Nunca me preguntaste por qué vine y yo tampoco te pregunto eso. Me cuentas anécdotas de tu juventud que podrían ser mías. Varias veces podría haber aportado de manera semejante alguna anécdota sobre la forma en que solía ponerme de punta en blanco para ir a visitar a mi «prometido» en la cárcel, usando el anillo de compromiso
de Aletta. Sabía imitar el habla de los carceleros y tú reías con el placer de las reminiscencias atenuadas. ¡Es exactamente eso! La brutalidad y la sentimentabilidad sin tapujos del taal de la abuela Marie Burger en sus bocas. Por supuesto sé cómo somos cuando hay un asuntillo… cuando Didier me dio una oportunidad tomando mi dedo del pie por pezón o clítoris. ¿Qué dijo tu marido cuando disciplinaron a su bailarina? Debió de parecerle algo tan mezquino… los zapatos blancos, tus lágrimas. O tal vez consideró esta «limpieza» ideológica como un aprendizaje fundamental para la aceptación incondicional de acciones incondicionalmente realizadas, cuya necesidad se manifestaría en el porvenir. Quizá sonrió y te consoló haciéndote el amor; pero vio que los leales seguían adelante y te sometían a castigo porque preferías el teatro de aficionados a la educación marxista-leninista.

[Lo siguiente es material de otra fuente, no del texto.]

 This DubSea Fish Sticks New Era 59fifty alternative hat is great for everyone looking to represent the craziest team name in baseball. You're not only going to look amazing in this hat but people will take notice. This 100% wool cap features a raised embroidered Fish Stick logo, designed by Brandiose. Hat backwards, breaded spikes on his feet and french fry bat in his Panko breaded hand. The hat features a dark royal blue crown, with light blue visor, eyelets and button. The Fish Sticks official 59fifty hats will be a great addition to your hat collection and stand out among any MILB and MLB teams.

En cuanto al asuntillo con el camarada Dick… ¿Qué dijo él?
A lo mejor no se dio cuenta. Lo engañaste porque no tenías su calibre; fue tu rebancha por ser inferior, pobrecilla, llegaste a ser plenamente consciente de tus defectos porque él ni siquiera notó la suerte de pecadillos con que te consolabas.
Veo y comprendo todas estas cosas mientras desvainamos guisantes, soltamos un dobladillo con una hoja de afeitar vieja, paseamos entre los alcornoques, vemos cómo se hacen a la mar pescadores, saltamos descalzas sobre la piedra calentada por el sol del día después que tus amigos se han ido a dormir. Es fácil, contigo. Soy feliz contigo… veo que él lo fue. Sonriente espectadora, encantada contigo aunque has engordado y la vivacidad de Katya debió de haberse curtido hasta la payasada y el atractivo a veces se deteriora en algo que yo no quiero observar sólo para complacer -un deseo de complacer-, sin recordar cómo, nunca más.

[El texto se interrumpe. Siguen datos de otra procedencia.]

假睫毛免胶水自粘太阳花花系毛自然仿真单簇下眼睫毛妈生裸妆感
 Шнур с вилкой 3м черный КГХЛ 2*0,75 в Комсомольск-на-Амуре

Un asuntillo. ¿Qué dijo él?
No pudo decir nada porque entonces ya había aparecido la auténtica revolucionaría: reconociste a mi madre en cuanto la viste. Nunca me lo ha contado nadie, pero la versión aceptada, la interpretación es que Katya abandonó a Lionel Burger… algo característico en una persona tan poco adecuada (hasta ella lo reconoce años después) para el hombre que él llegaría a ser. Lo abandonó por otro hombre o por otra vida… que viene a ser lo mismo, en realidad. ¿Qué otra cosa le queda a una mujer que no quiere vivir para el Futuro? No has desmentido esta versión. Pero comprendo que hicieras lo que hicieses, tú, él y mi madre sabían que no dijo nada a causa de ella. Allá en mi tierra alguien está escribiendo una semblanza definitiva en la que esto quedará fuera. De todos modos, si me lo preguntaras… no vine en un peregrinaje, adoratriz o iconoclasta, para averiguar nada sobre mi padre. Empero, tiene que haber habido una razón profunda por la que con los ojos cerrados llamé a esta puerta, a esta casa, a esta aldea francesa; una razón que escapa a mi razonamiento de que a Vigilancia no se le ocurriría buscarme aquí.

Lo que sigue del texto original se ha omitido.